**Work to complete:** Exactly the lines from the one containing "NEW YORK — Gripped" through the one containing "- ↑ Mitglieder" in the listing below are to be copied, with the pictures left out.

**Data to process:**
%%

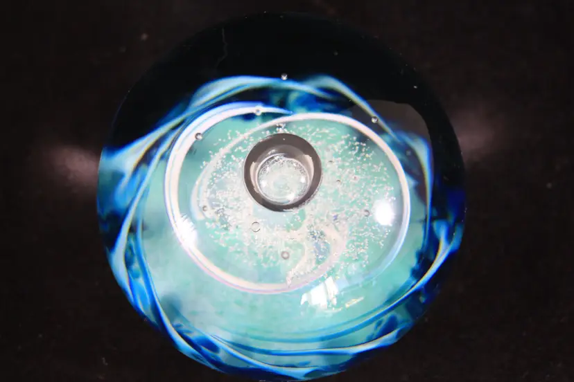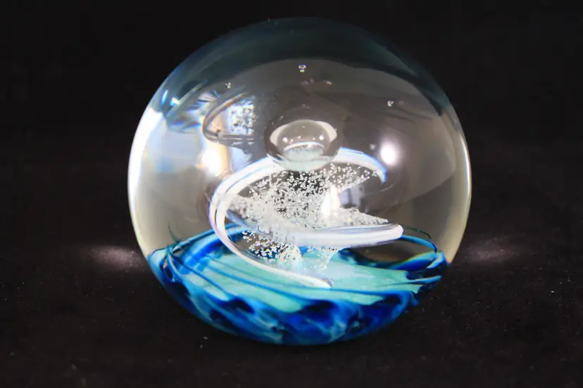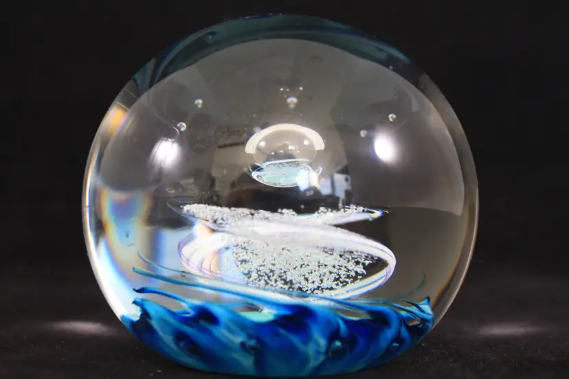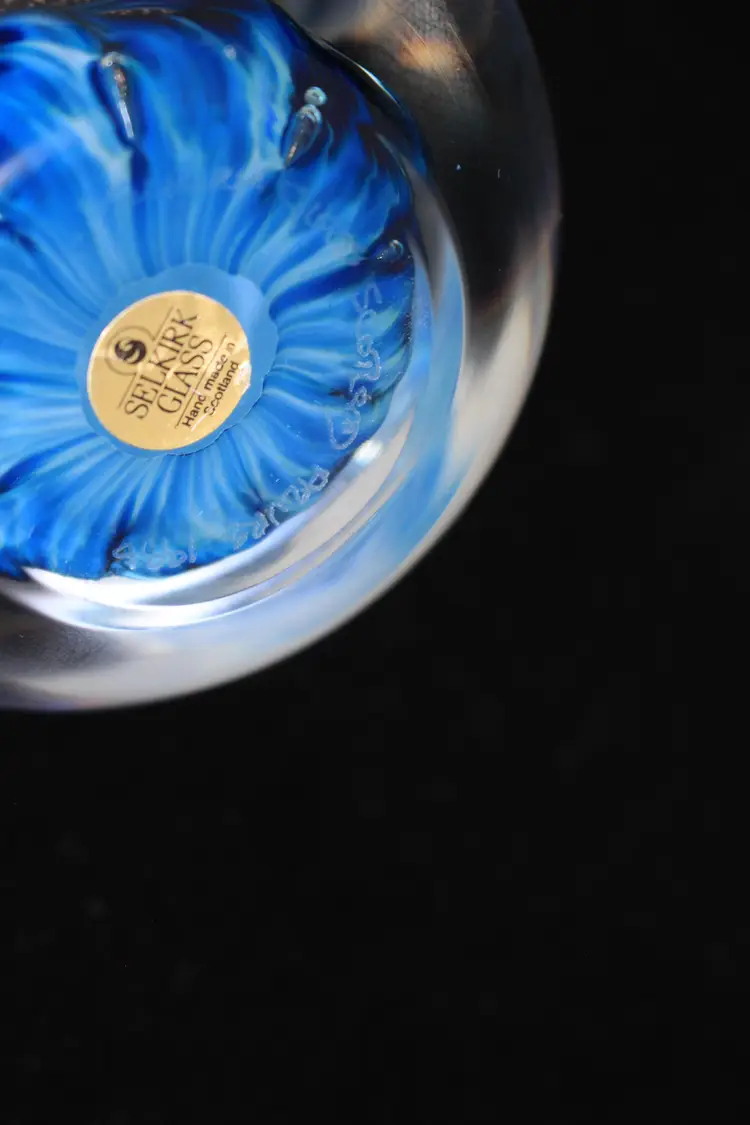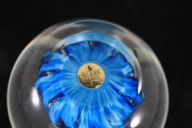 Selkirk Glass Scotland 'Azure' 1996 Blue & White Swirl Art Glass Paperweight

%%
%%

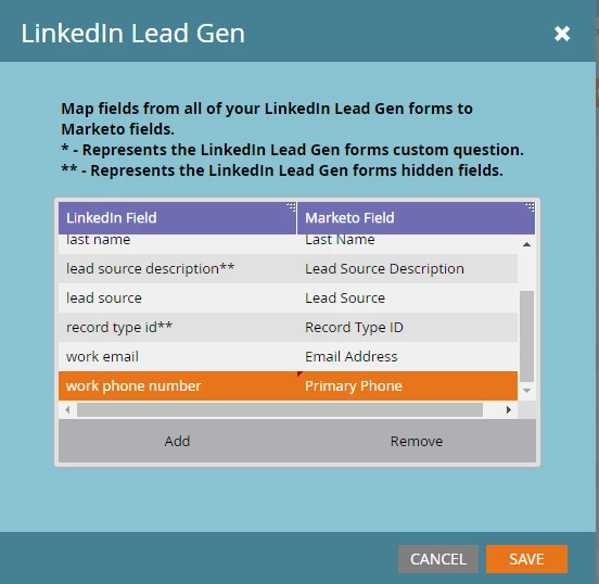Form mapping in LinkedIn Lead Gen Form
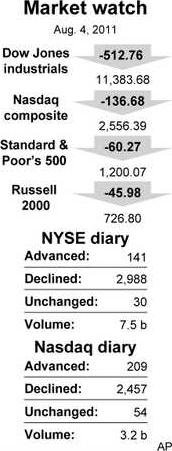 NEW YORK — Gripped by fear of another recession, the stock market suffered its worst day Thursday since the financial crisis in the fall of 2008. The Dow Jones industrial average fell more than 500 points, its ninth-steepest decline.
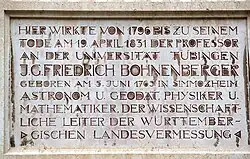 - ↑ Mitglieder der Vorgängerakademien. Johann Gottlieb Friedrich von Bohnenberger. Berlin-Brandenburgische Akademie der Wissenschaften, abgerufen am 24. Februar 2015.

%%

**Response to the task:**
 NEW YORK — Gripped by fear of another recession, the stock market suffered its worst day Thursday since the financial crisis in the fall of 2008. The Dow Jones industrial average fell more than 500 points, its ninth-steepest decline.
 - ↑ Mitglieder der Vorgängerakademien. Johann Gottlieb Friedrich von Bohnenberger. Berlin-Brandenburgische Akademie der Wissenschaften, abgerufen am 24. Februar 2015.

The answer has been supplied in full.